Question 139591
There is a slight flaw in your terminology.  ALL 2nd degree trinomials can be expressed as the product of two factors, {{{x-r}}} and {{{x-s}}}.  The thing is, r and s aren't always integers or even rational numbers.  I suspect your instructor meant to say "If the polynomial is not factorable <i>over the integers (or rationals),</i> write prime."

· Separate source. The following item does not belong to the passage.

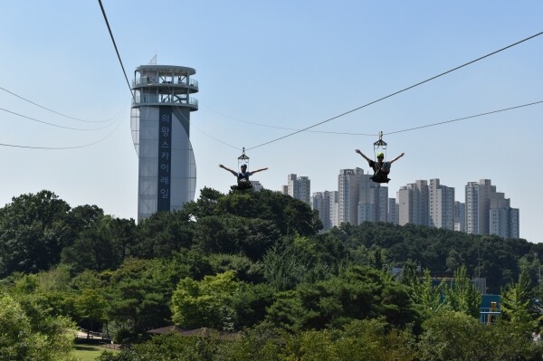 의왕스카이레일은 41m 높이의 15층 타워에서 도착지까지 350m를 시속 80km로 하강하며 아찔하고 짜릿한 스릴을 체험할 수 있는 의왕시 대표 레저 시설이다.

With this ungodly horror, {{{2(x-y)^2-9(x-y)z-5z^2}}}, recognize that the independent variable is {{{x-y}}}, so let's clean it up a bit by saying {{{u=x-y}}}.  That let's us rewrite the expression: {{{2u^2-9z*u-5z^2}}}.  Now we can see that the pattern {{{ax^2+bx+c}}} means that {{{a=2}}}, {{{b=-9z}}}, and {{{c=-5z^2}}}


Now we can use the fact that {{{r}}} and {{{s}}} are roots of {{{ax^2+by+c=0}}} if and only if {{{x-r}}} and {{{x-s}}} are factors of {{{ax^2+by+c}}}.

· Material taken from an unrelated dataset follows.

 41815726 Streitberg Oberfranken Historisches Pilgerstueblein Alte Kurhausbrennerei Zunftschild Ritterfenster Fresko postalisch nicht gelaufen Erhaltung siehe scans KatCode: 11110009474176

So let's find the roots of {{{2u^2-9z*u-5z^2=0}}} using the quadratic formula:
{{{u = (-b +- sqrt( b^2-4*a*c ))/(2*a) }}}


{{{u = (-(-9z)+- sqrt( (-9z)^2-4*2*(-5z^2) ))/(2*2) }}}


{{{u = (9z+- sqrt( 81z^2+40z^2 ))/(4) }}}


{{{u = (9z+- sqrt(121z^2 ))/(4) }}}


{{{u = (9z+11z)/(4) }}} or {{{u = (9z-11z)/(4) }}}


{{{u = (20z)/(4) }}} or {{{u = (-2z)/(4) }}}


{{{u = 5z }}} or {{{u = -z/2 }}}


That means that either {{{u-5z=0}}} or {{{u + z/2 =0}}} (which is equivalent to {{{2u+z=0}}}.


Hence our factors so far are {{{(u-5z)(2u+z)=0}}}, but remember that {{{u=x-y}}}, so:


{{{((x-y)-5z)(2(x-y)+z)}}} are your two factors.